Get Satisfaction

The song “I Can’t Get No Satisfaction” by Mick Jagger is going through my head today. If he were as handsome as his music is good, he’d be Tom Cruise. I won’t  ask my wife for her opinion. We’ve been married for 32 years, so it’s pretty clear that she doesn’t have good taste in men anyway.

What does it mean to “get satisfaction” in your work? I suppose you and I could spend the next year searching the internet for an answer to that question. But here are three keys that will get you started.

  1. Become aware of your personal escalator
    You’re being tricked by what I call “The Escalator Effect.” Imagine yourself standing on the bottom step of the down escalator, facing up the stairs. With each step you take at the bottom, a new step appears at the top. Your drive for progress is always focused on the distant, top of the escalator, so you feel as though you’re not making any progress…that you are standing still. When you see the world in that way, it feels that you never achieve anything.

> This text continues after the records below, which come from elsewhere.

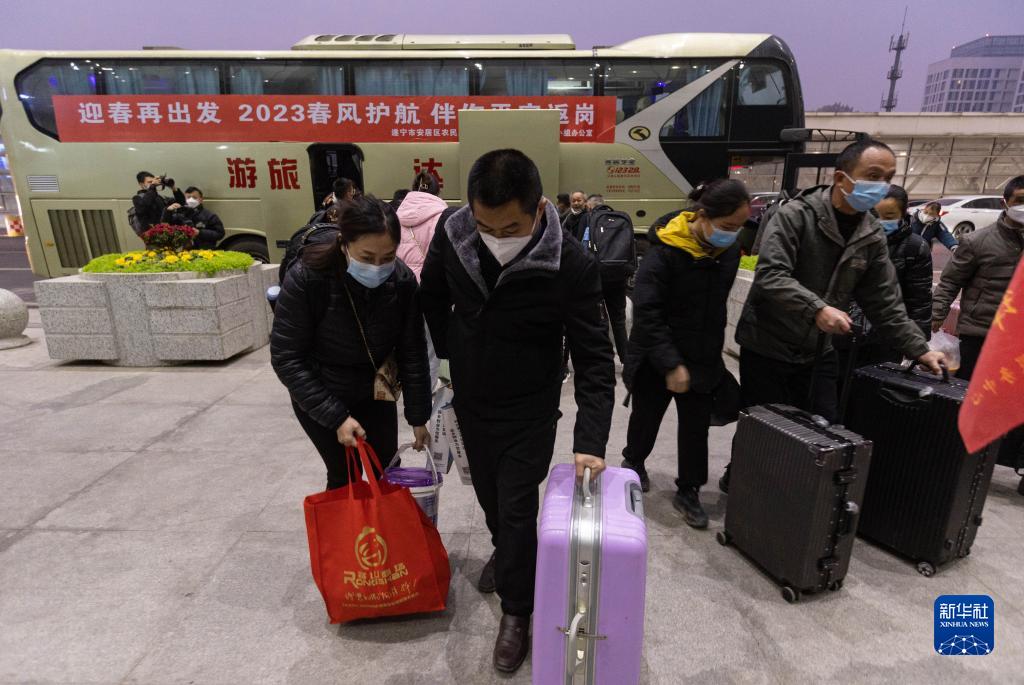 2月1日,來自四川省遂寧市的務工人員乘坐務工大巴直通車來到成都東站,準備乘坐高鐵。
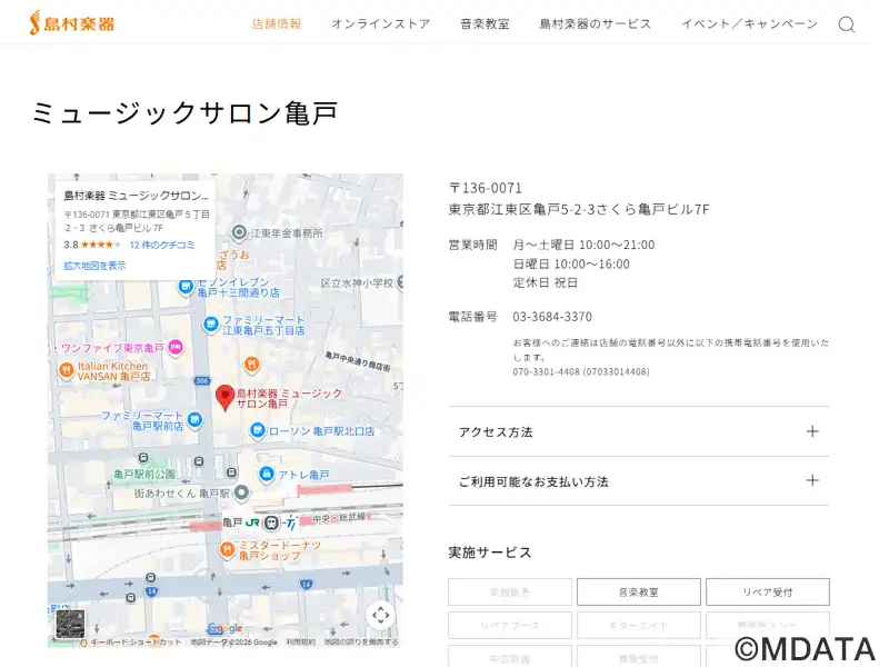 | 名称 | 島村楽器 ミュージックサロン亀戸 |
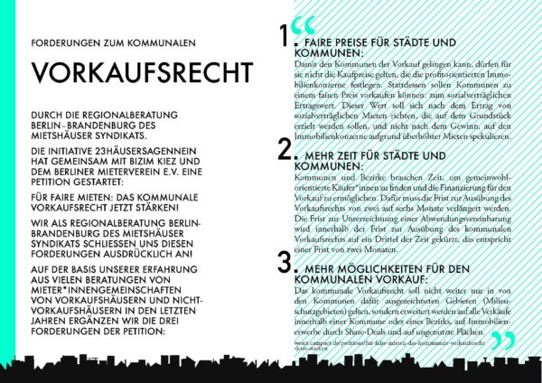 Die Regionalberatung des Mietshäuser Syndikats in Berlin-Brandenburg (MHS BB) hat auf der Basis langjähriger Erfahrungen in der Beratung von Mieter:innengemeinschaften in der Bedrängnis von kapitalstarken Investoren sieben Forderungen für eine Stärkung des kommunalen Vorkaufsrecht ausgearbeitet. Wir finden diese Forderungen unterstützens- und vebreitenswert. Die entstehende Stadtbodenstiftung und das Mietshäuser Syndikat stehen sich ideel sehr nahe. Beiden wollen der Spekulation mit Immobilien dauerhafte Schranken setzen. Möglicherweise werden wir in Zukunft auch in dieser Absicht in gemeinsamen Projekten kooperieren. Hier können die Forderungen gelesen werden:
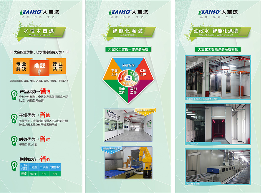 大寶漆經過多年的技術專研,打造出了水性內外墻面漆、水性木器漆等綠色環保產品,并推出水性木器涂料整體解決方案,針對家居行業面對水性漆干燥難題,斥巨資率先打造中國涂料行業首條大規模的智能化水性涂裝測試線,以便滿足客戶的立體工件、平面工件、異型工件等涂裝與干燥的多元化需求,一舉攻破行業油改水涂裝和干燥的重重難關,領先行業實現了家具廠環保自動化涂裝的可能性,為家具企業油改水的跨越做出了貢獻。
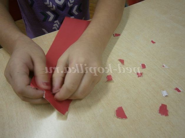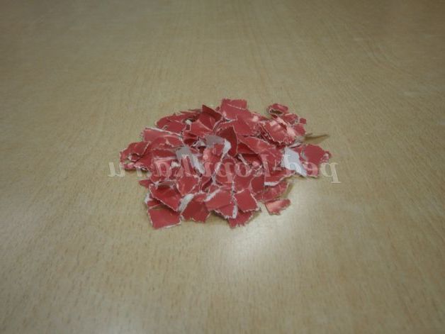 2. Саме перше, що ми зробимо - це шубу Діда Мороза. Для роботи нам знадобитися червона кольорова папір. Її треба розірвати на маленькі шматочки.
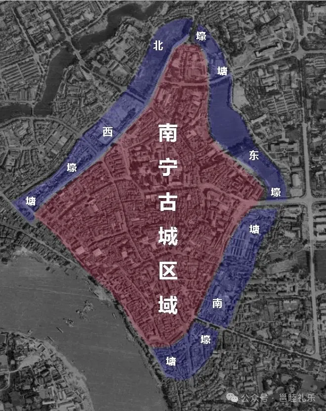 《永乐大典·南宁府志·城郭篇》记载,明初洪武年间重修的南宁城共开有五门,分别是镇边、镇江、安塞、 朝京、新东门。其中仅有“安塞”为宋代的旧名,其余尽皆新名(笔者认为镇边门的“镇边”一名,疑为“镇远”的误写,因为边、远二字相近)。在明清540余年的时间里,除去明万历三十年(1602)重开的第六门(南门)外,上述五门位置几乎不变。而这五门中,镇边、镇江、安塞为明初南宁城的临江三门,其正好对应北宋邕州城的临江三门。这说明二者的规制是一致的,明代与宋代的临江三门具有传承性。
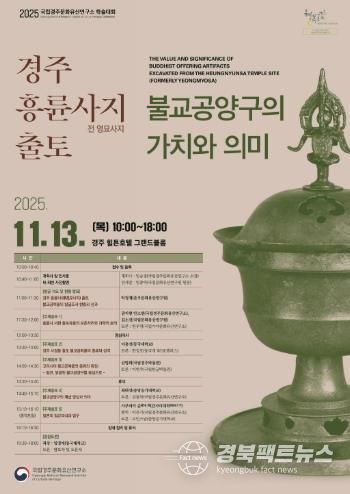 경북팩트뉴스 남유신 기자 | 국가유산청 국립문화유산연구원 국립경주문화유산연구소는 오는 11월 13일 오전 10시 경주 힐튼호텔 그랜드볼룸에서 '경주 흥륜사지(전 영묘사지) 출토 불교공양구의 가치와 의미' 학술대회를 개최한다.
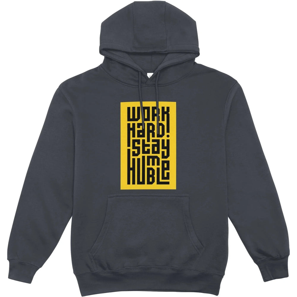 This isn't just a hoodie; it's a mantra. Featuring a bold, statement graphic, the inspiring words "WORK HARD! STAY HUMBLE" are presented in a unique, blocky font within a vibrant yellow rectangular background. The striking black text against the pop of yellow creates a powerful and stylish contrast on the classic black hoodie.
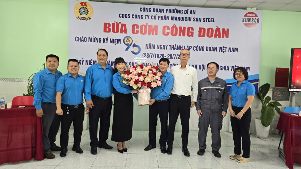 Nhân dịp kỷ niệm 96 năm ngày thành lập Công đoàn Việt Nam (28/7/1929 – 28/7/2025), vào trưa ngày 28/7/2025, Ban Chấp hành Công đoàn cơ sở Công ty Cổ Phần Maruichi Sun Steel đã tổ chức một bữa ăn trưa đặc biệt dành cho toàn thể cán bộ, công nhân viên trong công ty.
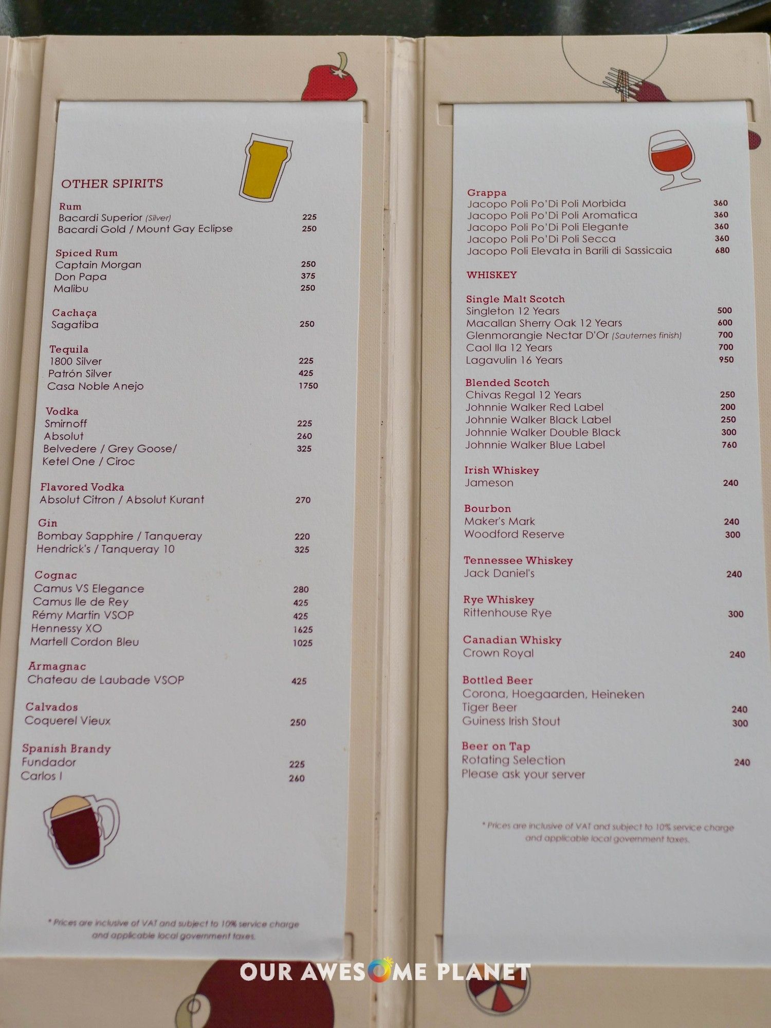 …with a wide selection of standard (₱450++) and premium gins (₱800++).

    The truth is that you achieve something new with each step. Each step you take is the accomplishment of a goal that was once at the top of the escalator. You may not feel as if you are making progress, but all the while the future you’ve designed moves toward you at a regular pace.

  2. Keep a journal
    It’s easy for each “step” you take to disappear into the floor without you having noticed its passing. A journal will help you to fix this. Write one entry each day, and don’t forget to highlight the accomplishment of your more significant goals.

    Celebrate your successes with the staff. When you achieve a common goal, celebrate with everyone so it makes a deeper and more satisfying impression on you and on every participant.

  3. Gain real clarity about what satisfies you
    Very few people give real thought to what satisfies them at a deep, human level. It’s much easier to continue along with the day-to-day “now” satisfactions that give us the illusion of having achieved the right things.

    This is nothing more than a distraction. It’s like living on sugar cookies — a grab for quick and easy comfort food. The inevitable result, is that we will survive on junk food, only to find out eventually that we’ve really wasted away.The discovery of what will truly satisfy you can’t be done over breakfast, or on the drive home from work. It takes time, quiet, and freedom from interruptions.

You and I may never “get satisfaction.” It’s a moving target. Still, the awareness of how to begin the search is critical. These are three keys to raise your awareness and put you on the right track.

Mick Jagger can keep repeating the same old songs over and over again, but you and I can move forward.

And the good news is that we’ll probably be better looking.